To solve this problem, some implementations and newer standards like EdDSA use deterministic commitments, which are based on a hash of the private key and the message. This ensures that the commitment will only ever be the same if the message is identical: preventing the private key from being recovered. Unfortunately, such schemes turned out to be more susceptible to fault injection attacks (a much less scalable or general attack vector), and so now there are “hedged” schemes that inject a bit of randomness back into the hash. It’s cursed turtles all the way down.
If your answer to this is to go back to good old RSA signatures, don’t be fooled. There are plenty of ways to blow your foot off using old faithful, but that’s for another post.
Did you want non-repudiation with that?
Another way that signatures cause issues is that they are too powerful for the job they are used for. You just wanted to authenticate that an email came from a legitimate server, but now you are providing irrefutable proof of the provenance of leaked private communications. Oops!

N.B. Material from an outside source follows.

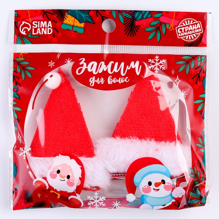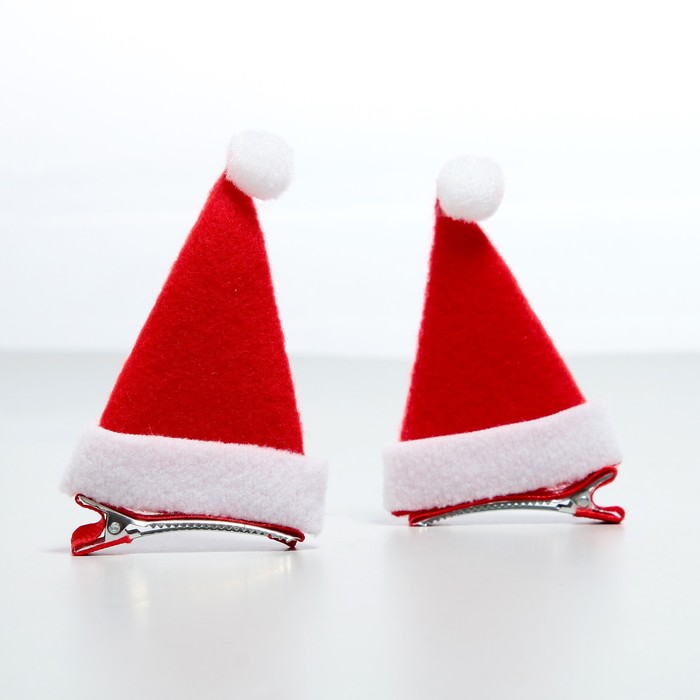 Зажим для волос карнавальный «Колпачок», набор 2 шт сделает образ по-настоящему новогодним! Эффектный аксессуар в виде самой популярной зимней шапки за считанные секунды добавит причёске стиля и поможет создать карнавальный облик. Такая яркая деталь станет отличным решением для любых снежных вечеринок.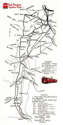 The Red Electric was an interurban passenger train service operated by the Southern Pacific Railroad in the Willamette Valley of the U.S. state of Oregon from 1914 to 1929.[1] The service got its name from the bright red color of its cars.[2][3][4] Despite its short history, among West Coast interurbans it was unique, and it was considered the finest such system in the Pacific Northwest.[2] It was the only major electric interurban railroad converted from steam to electric passenger use.[2] It was also one of few systems using all-steel equipment, and one of the largest 1500-volt systems in the country.[2]

Signatures are very much the hammer of cryptographic primitives. As well as authenticating a message, they also provide third-party verifiability and (part of) non-repudiation.
You don’t need to explicitly want anonymity or deniability to understand that these strong security properties can have damaging and unforeseen side-effects. Non-repudiation should never be the default in open systems.
I could go on. From the fact that there are basically zero acceptable post-quantum signature schemes (all way too large or too risky), to issues with non-canonical signatures and cofactors and on and on. The problems of signature schemes never seem to end.
What to use instead?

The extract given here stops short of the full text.